JR: To say honestly …
JC: With certainty. With certainty.
JR: Critics and educators are concerned about this question: is there a totally open field of response to a text, or does the nature of the text delimit an “appropriate” range of response? Is it that whatever you feel at the moment, whatever comes to mind when you are experiencing a text is the meaning of that text? Or do the particularities of form and content have some kind of stabilizing effect on meaning? So that it is possible to get it wrong in a way that it might not be possible to get a piece of music wrong—just because a text has a cognitive component. You might misunderstand something.
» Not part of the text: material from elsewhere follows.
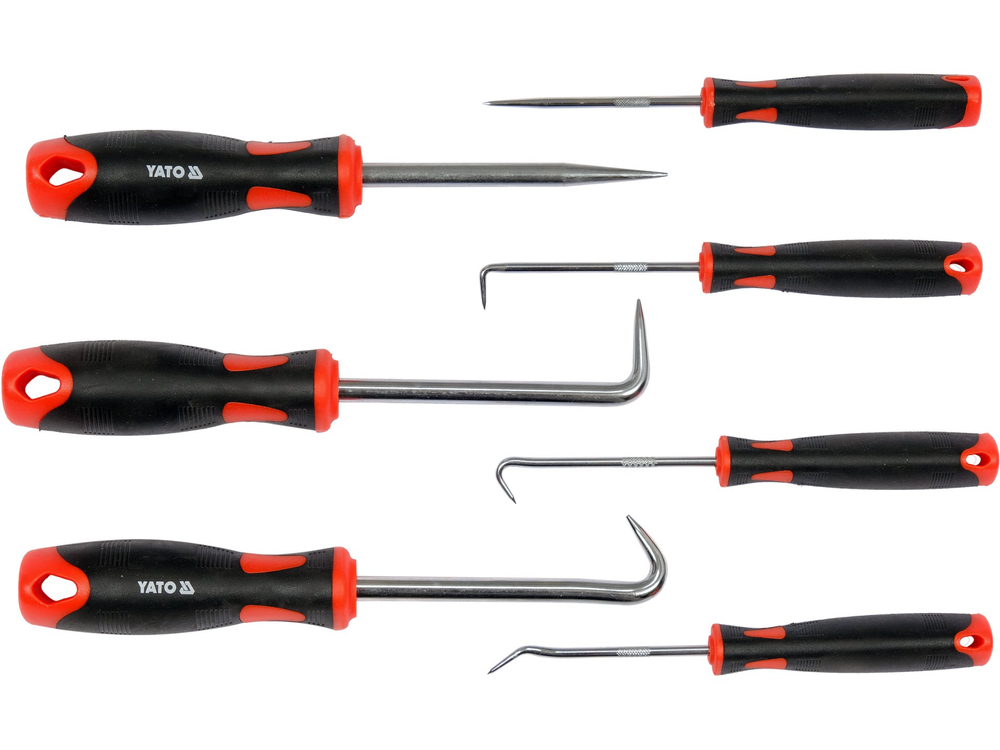 Zestaw haczyków z rękojeścią posiada hartowane i chromowane groty wykonane ze stali 40Cr. Rękojeść wykonana jest z dwukomponentowego tworzywa ułatwiającego pewny uchwyt. Zestaw wykorzystywany jest do prac precyzyjnych takich jak:

JC: Because of the nature of language.
JR: Yes.
JC: (long pause) I, I’m inclined to think, oh, that each way of hearing it is right. I’m inclined that way. I can’t see anything wrong in each way’s being right. (laughter)
JR: Do you have a sense of being a realist as an artist? Actually, what I have written here [in preliminary notes] is, “Will you say something about your complex realism’?” Does that term sound right to you?
JC: Yes. Yes, I think so. One of the first persons to draw this kind of feeling to our attention, or my attention, was Mondrian. He spoke about reality.